Praktijkcase 1: Iedereen is ondernemerEen organisatie die sterk responsive wil zijn heeft een groeimodel voor medewerkers wat op zelfbeschikking is gestoeld. Echter, voor groei in persoonlijke beloning wordt extra verantwoordelijkheid van medewerkers gevraagd, wat neer komt op het vormen van een eigen teampje en daar verantwoordelijkheid voor dragen. Een aantal inhoudelijke specialisten heeft wel de behoefte om te groeien en de wens op hogere beloning, maar zijn heel expliciet dat ze geen eigen team willen. Recent zijn zelfs twee specialisten vertrokken om als zzp-er aan de slag te gaan. Klaarblijkelijk werkt het model met verantwoordelijkheid nemen voor een eigen team, bij hen niet stimulerend.

Dit moet doorbroken worden. Wat zou jij doen?

Denk eens even na over jouw acties, voordat je verder leest.

De organisatie in kwestie heeft een tijdlang geworsteld. Enerzijds is het fair om voor een hogere beloning een extra verantwoordelijkheid te vragen. Anderzijds als deze medewerkers in kwestie zich niet over die as willen ontwikkelen en daarom hun heil elders zoeken, dan faalt het model. Het bedrijf heeft dit opgelost door met een aantal experts het gesprek aan te gaan en samen met hen een experimenteel model op te zetten langs individuele groei. Daarbij kon men wel meer verantwoordelijkheid nemen, maar wel voor het eigen handelen en de eigen groei. Deze specialisten werkten aan de groei van hun expertise en het publiceren daarover, met het idee dat die groei als expert zich ook zou vertalen naar hogere omzetten en extra opdrachten. Zodoende is een model gemaakt waarop specialisten ook bonus kregen over zelf verkochte opdrachten in combinatie met bonus over hun persoonlijke financiële winst. Zodoende konden zij gaan ondernemen binnen de onderneming, zonder daarvoor een eigen team te hoeven hebben. Dit verlaagde de drempel, zette een stop op de uitstroom en versterkte de groei van deze experts. In de praktijk kwam het er op neer dat ze al snel te veel werk voor zichzelf creëerden waardoor ze al snel een aantal collega’s aan het werk hielden. De stap om daar een eigen team van te maken was daardoor veel kleiner en de drempel om toch een team te leiden een stuk lager geworden. De essentie van deze oplossing zat in de dialoog en samen zoeken naar een werkende oplossing, met daarbij de uitgangspunten, waarden en principes niet uit het oog te verliezen.

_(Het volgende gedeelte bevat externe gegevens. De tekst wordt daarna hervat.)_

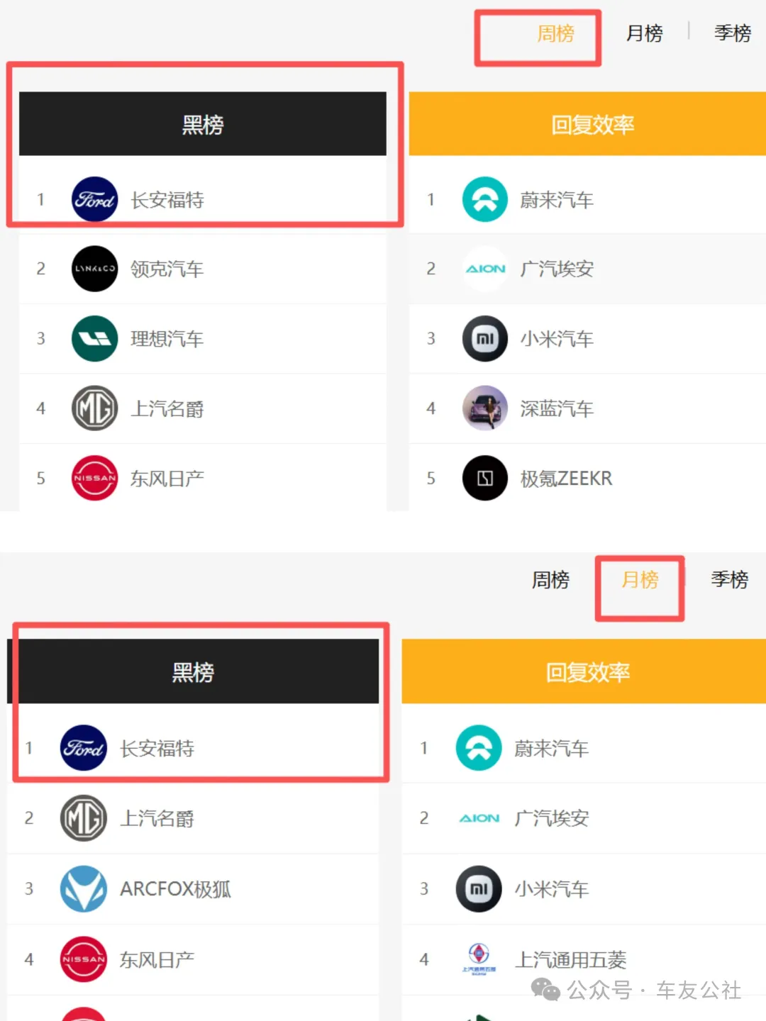 隨著長安福特車主對于此集中問題的投訴維權,長安福特在黑貓等投訴平臺的投訴量激增。在黑貓投訴平臺上最新的汽車投訴周榜和月榜中,長安福特均為黑榜第一。
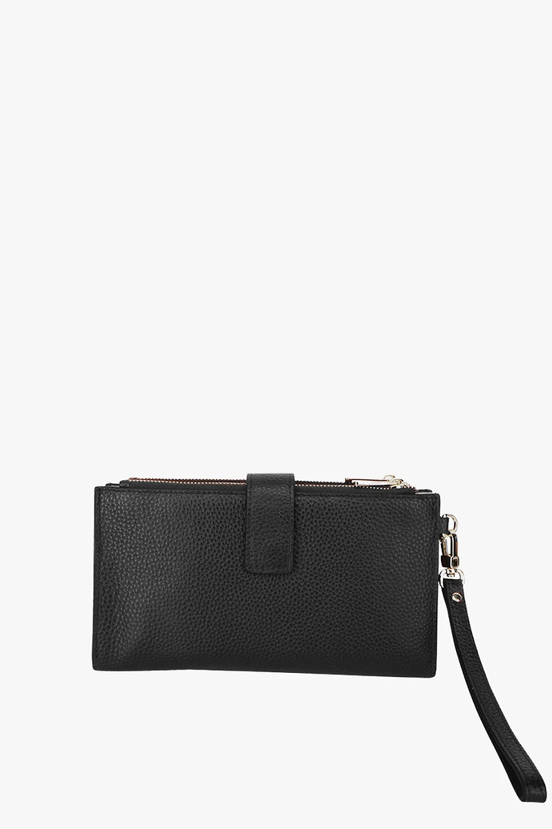 Our NEVINE carryall large phone wallet is an ideal companion for your everyday errands or trips away. Beautifully crafted from textured cow leather, this phone wallet features a snap tab closure, 2 zipper compartments, secure pocket for your smartphone, 7 card slots and 4 slip pockets. Includes a detachable wrist strap for added versatility as a wristlet.

Hoe krijg je dit voor elkaar?

76

Stap 3: Ontwikkel en onderhoud persoonlijke groeimodellen

• Zorg voor continue aandacht voor persoonlijke groei waarbij beloning afhankelijk is van resultaat en verantwoordelijkheid.

• Groeimodellen zijn altijd op eigen initiatief gericht: iedereen is zelf de baas over de eigen groei.

• Bevorderingen vinden achteraf plaats: je wordt het als je het al bent. Hierdoor is er geen belemmering om zelf meer verantwoordelijkheid te nemen en als dit bestendig blijkt, dan worden functies aangepast aan de werkelijkheid.

• Zorg er voor dat iedereen altijd bezig is om de eigen opvolger op te leiden. Bij voorkeur twee kandidaten, waardoor persoonlijke groei en groei van de organisatie samengaan.

• Iedereen is coach en heeft een coach.

Stap 4: Ontwikkel en onderhoud operationele beslissingsruimtemodellen

• Zorg dat beslissingsruimten helder en transparant zijn, zodat voor iedereen helder is wanneer binnen de beslisruimte wordt gewerkt of eventueel daarbuiten.

• Maak heel expliciet waarover iemand niet mag beslissen zonder expliciet akkoord te hebben.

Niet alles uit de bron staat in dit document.